## What you will do
Take from the material every line containing the string "Russell" and copy it.

## Extracted material
·····

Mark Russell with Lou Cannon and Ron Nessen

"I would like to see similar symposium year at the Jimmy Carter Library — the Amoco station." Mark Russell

·····

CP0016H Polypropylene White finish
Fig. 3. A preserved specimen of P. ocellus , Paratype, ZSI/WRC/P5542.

·····

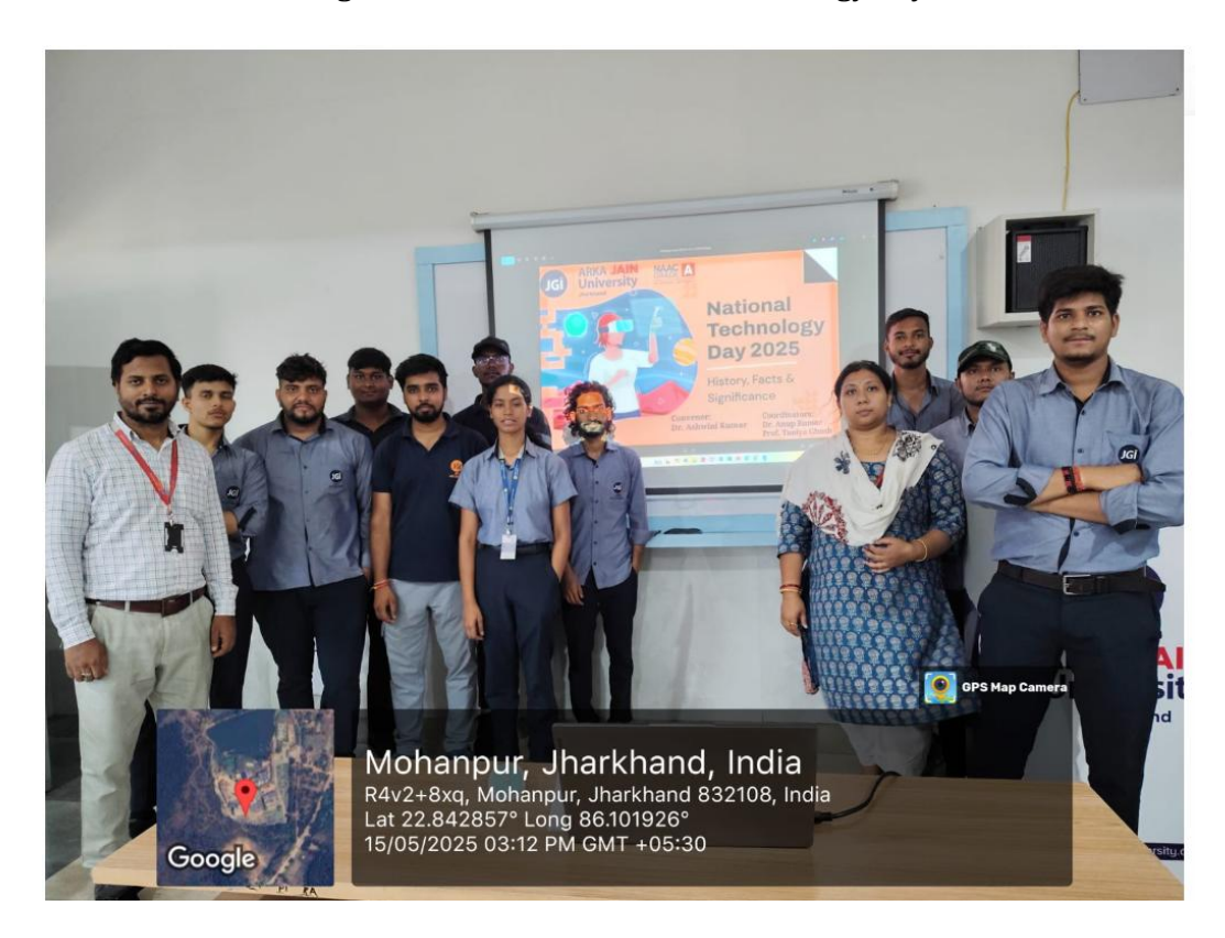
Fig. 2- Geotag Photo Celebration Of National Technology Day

·····

## Answer to this exercise
Mark Russell with Lou Cannon and Ron Nessen
"I would like to see similar symposium year at the Jimmy Carter Library — the Amoco station." Mark Russell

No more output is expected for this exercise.